The Queen's Gambit

NVIDIA just made its most consequential bet on open AI (not OpenAI). What does it mean for who gets to build the future and who gets left on the subscription tier? Come along, we'll find out!!

Mar 18, 2026

Jensen Huang does not do small moves, does he?

At GTC 2026, while the rest of the room was still processing the chonky hardware announcements, he dropped something that I think is going to look much bigger in 12-18 months than it does right now.

NVIDIA launched the Nemotron Coalition, a structured, multi-lab collaboration pulling together Black Forest Labs, Cursor, LangChain, Mistral AI, Perplexity, Reflection AI, Sarvam, and Mira Murati’s Thinking Machines Lab to co-build an open frontier model on DGX Cloud. The model gets open sourced. It becomes the base for the Nemotron 4 family.

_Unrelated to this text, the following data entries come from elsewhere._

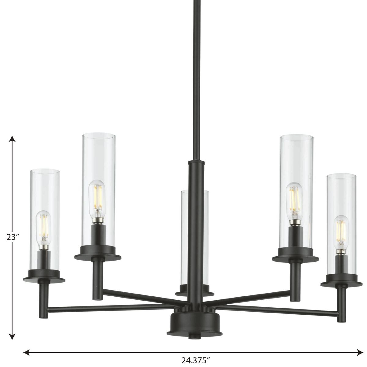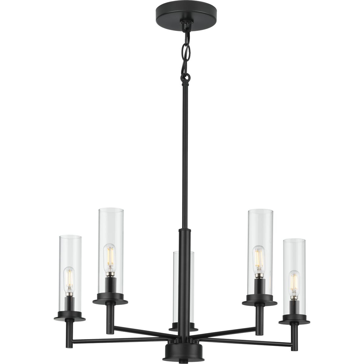 Elevate any room's ambiance with the Kellwyn 5-Light Matte Black Chandelier from Progress Lighting. This fixture blends modern elegance with traditional charm, featuring a classic frame and luxurious cylindrical glass shades. Ideal for transitional spaces, this chandelier provides both high-quality illumination and lasting style.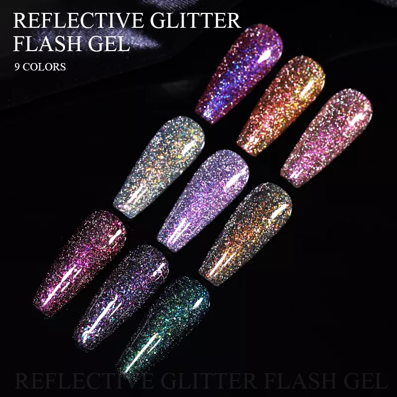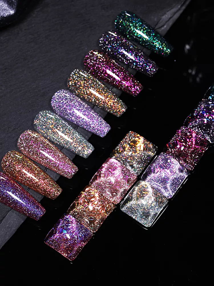 Reflective Glitter Series - линейка гель-лаков с необыкновенными завораживающими переливами голографических блесток-хлопьев и светоотражающим эффектом.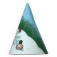 Cute penguins on Christmas party paper hats. Use "Personalize this template" to change the "Merry Christmas! 20XX" text & year and create a unique, customized party accessory. Featuring four cheeky penguins having a snowball fight, wrapped up for the snow in Christmas jumpers, scarves and woolly hats. One hitting another with a snowball, another wearing all the warm knitted Xmas clothes available, and a fourth wearing a balaclava and sitting on snowballs as if they're eggs. A playful item for Christmas, winter, or penguin fans.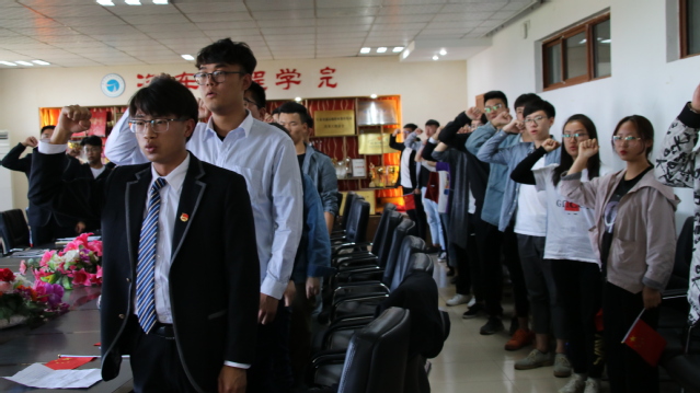 隨后參會青年團(tuán)員重溫了入團(tuán)誓詞,集體合唱《我和我的祖國》。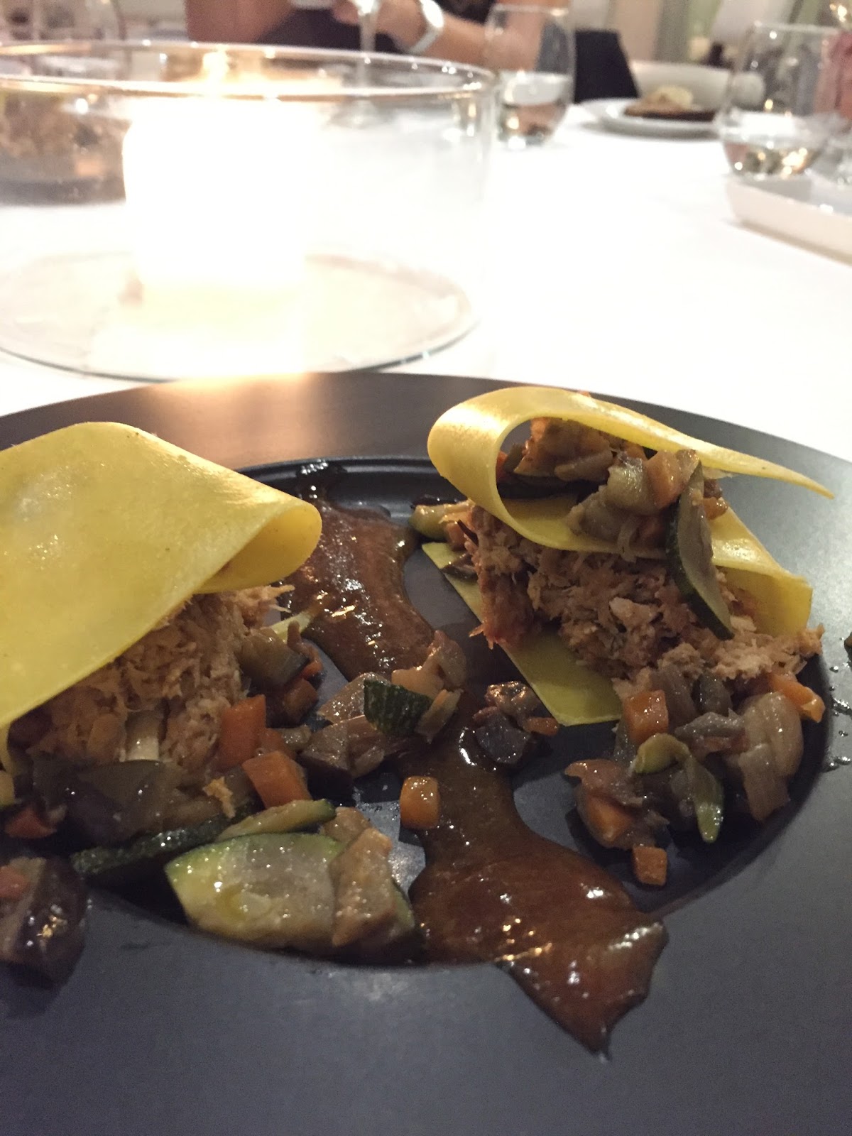 Continuamos con unos tortelloni rellenos de foie (madre mía que sabor), y trufa...el olor ya era de llorar. Si me algo me sorprendió es la contundencia de los platos.

On the surface, this looks like a compute play wrapped in open-source clothing. NVIDIA provides the training infrastructure, the partners contribute data, evaluations, and domain expertise, and everyone gets a shared foundation to build on top of.

But go one layer deeper and the coalition map is genuinely interesting because this isn’t just a product announcement. It’s a bet on a specific version of how the next phase of AI unfolds.

And to understand why that bet is significant, we need to understand what’s actually happening right now in the open vs closed model landscape. Because the story there is moving much faster than most coverage suggests.

The gap that wasn’t supposed to close this fast

For a long time, the narrative was clean and comfortable: closed models from OpenAI, Anthropic, and Google held the frontier. Open models like GLM, Kimi, Qwen, Gemma were useful, increasingly capable, but still clearly behind on the tasks that mattered most. You were okay paying the API bill because performance demanded it.

That story started cracking in early 2025 with DeepSeek R1. It’s been crumbling steadily (not visibly) since.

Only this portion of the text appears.